A faster implementation with faster speed gets lower compute and bandwidth throughput, why?

I’m implementing a gemm kernel. when I increase the tiling size, I compared two implementations.

The faster one get lower compute and bandwidth throughput, but why is that?

The faster one must have get higher compute throughput. Is that a bug?

And also, how can the speed of light section give advice to our optimization?
Seems it doesn’t always gets higher with the optimization.

The speed of light section shows a collection of high-level metrics, including throughput values for the compute and memory sub-systems of the GPU. In the respective breakdown tables in this section for compute and memory, you can see which of the underlying units is causing the measured utilization.

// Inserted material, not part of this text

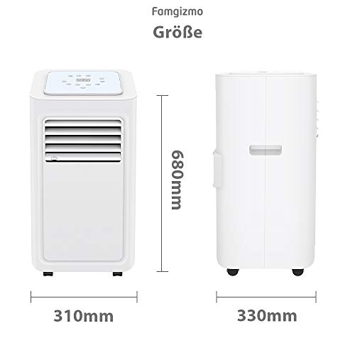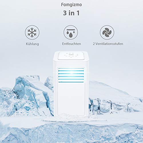 Famgizmo Climatizzatore portatile con telecomando e timer portatile silenzioso 3 in 1, raffreddamento, ventilazione e deumidificazione, 5000 BTU, Eco R290
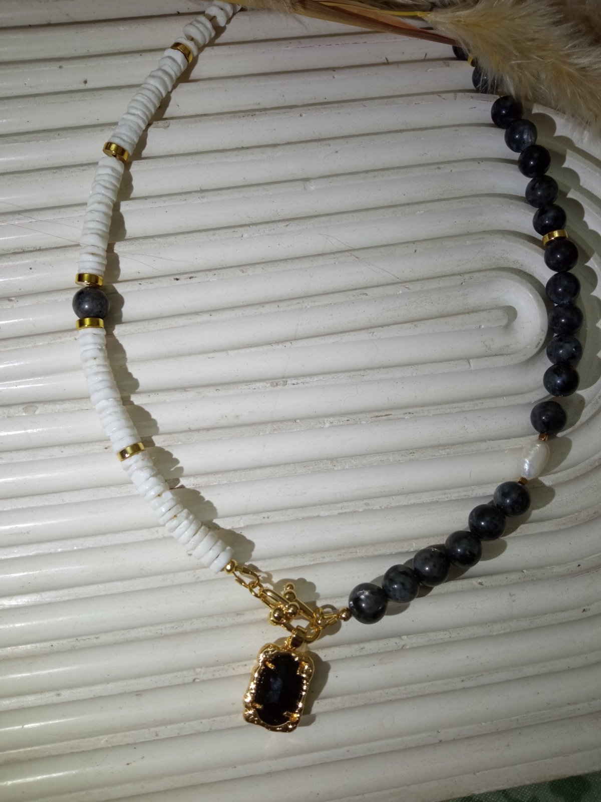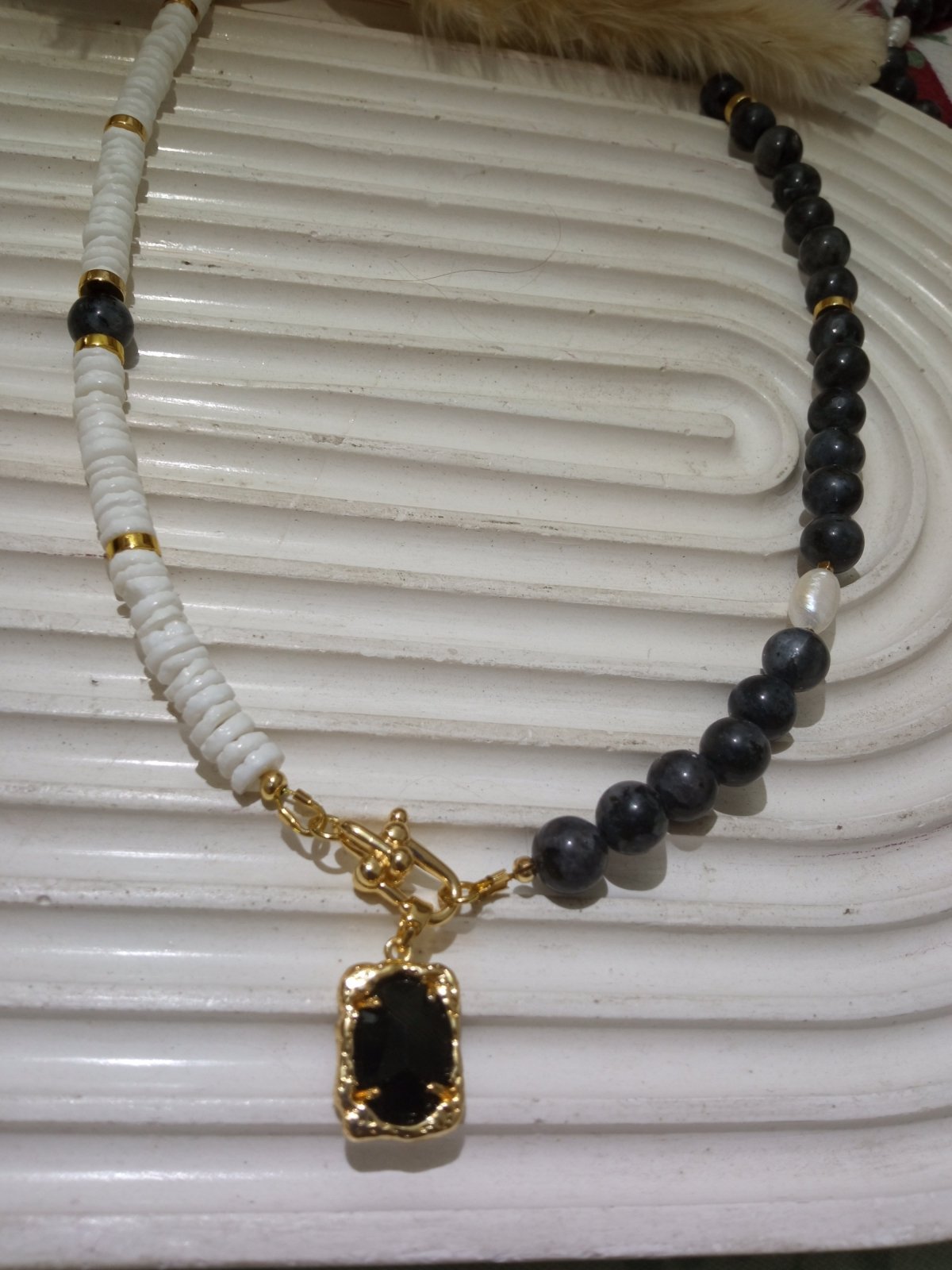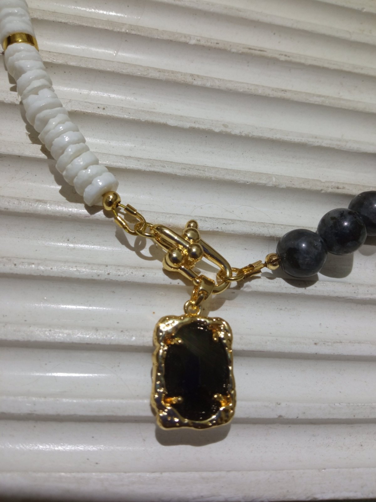 كوليه هاندميد من حجر اللابرادوريت مع صدف و فواصل دهب صيني و لولي طبيعي مع قفل مميز و دلاية دهب صيني طول الكوليه حوالي 51سم مزود ب اكستنشن للتحكم في الطول متوفرة في الجولد و السيلفر

It is correct that these throughput metrics don’t necessarily increase or decrease by optimizing a kernel. They don’t give a reference of how well optimized your kernel is, but rather of how much it is using the HW resources to their limits (the “speed of light”). A kernel may be utilizing e.g. a compute pipeline close to its maximum, but algorithmically inefficient, in which case you will likely still not call this an optimized kernel. Since the tool has no insight into what the kernel is actually intended to do, it can only give you advice on how much each HW resource is used.

The expectation is to follow the guidance given in each section, starting from the top. By collecting the “full” set of sections, you will get a very comprehensive analysis of your kernel’s performance. Follow the links in the rule guidance to understand what your kernel’s limiters and bottlenecks are and what suggestions are made to resolve these.

Much clear about it. Thank you!